BillG
BillG

Reputation: 1

Architecture Question

I am on a team developing an app in Silverlight that has multiple modules. Think of an app like QuickBooks that has AP module, AR module, Inventory module, payroll module.

I want to create the app with a desktop look to it with the ability to have multiple different modules open on the desktop. The screens can be move around and positioned on the desktop and even minimized to a application taskbar. The only restriction obviously is that a screen cannot be moved outside of the desktop container.

Another member says that this concept is too confusing to the user and each module should be developed as a separate .exe. with the ability to open each .exe separately and move them anywhere on the windows desktop instead of an application desktop area.

What are some feelings in here about either concept?

Upvotes: 0

Views: 128

Answers (3)

dthorpe
dthorpe

Reputation: 36072

I think it depends a lot on how your users will be using your app. If a typical user will be working with multiple modules at the same time, presenting a single app console with multiple modules makes sense.

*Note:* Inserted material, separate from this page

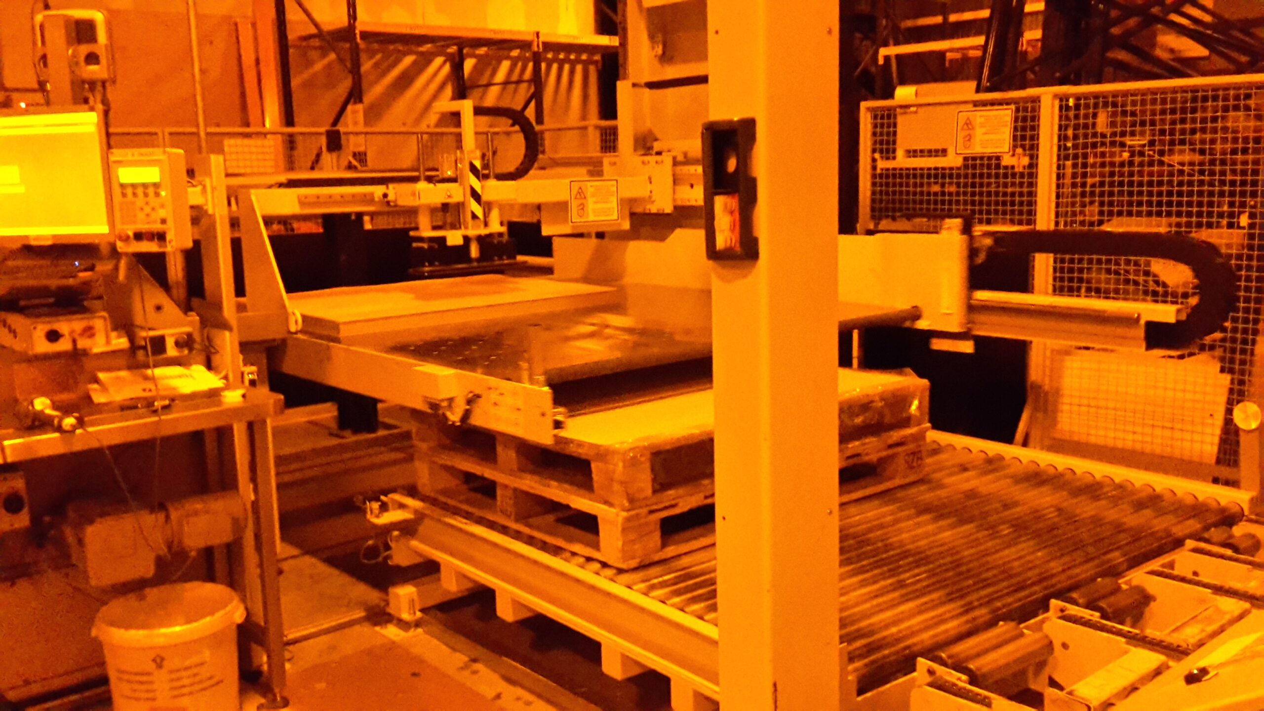 Diese Maschine entstapelt vollautomatisch und ist mit einem Logistiksystem ausgestattet. Fuer das grosse Format

If a typical user is normally only going to be using one module, then presenting a multimodule UI is overkill and potentially confusing.

End users usually need your help to keep them focused on what they need to get done. Having multiple options presented when the user really only wants to do one thing creates confusion.

Be careful in how you survey the prospective user base about this question: If you ask "decison makers", they tend to operate across functional domains and will project their multi-module use case as the typical end user scenario. If you ask the grunts that actually do the work, though, chances are high that their answers will differ from the boss's. ;>

Upvotes: 0

Spencer Hakim
Spencer Hakim

Reputation: 1553

I feel that an MDI approach is preferable. I don't know if you plan on allowing users to have multiple instances of the application open, but if you do, having multiple windows of the same module open without any sort of group would definitely not be simpler for the user.

Upvotes: 0

Justin Niessner
Justin Niessner

Reputation: 245389

If all of the modules interact with each other and compose a single cohesive application, then keep them all as modules in a single application.

If you have the concept of modules but each module is disjointed from the others (provides its own look/feel, functionality, or doesn't interact with the other modules in any way) then break each out into a separate application and bundle them together as a package (which would allow users to open multiple applications simultaneously and move them anywhere on their desktop).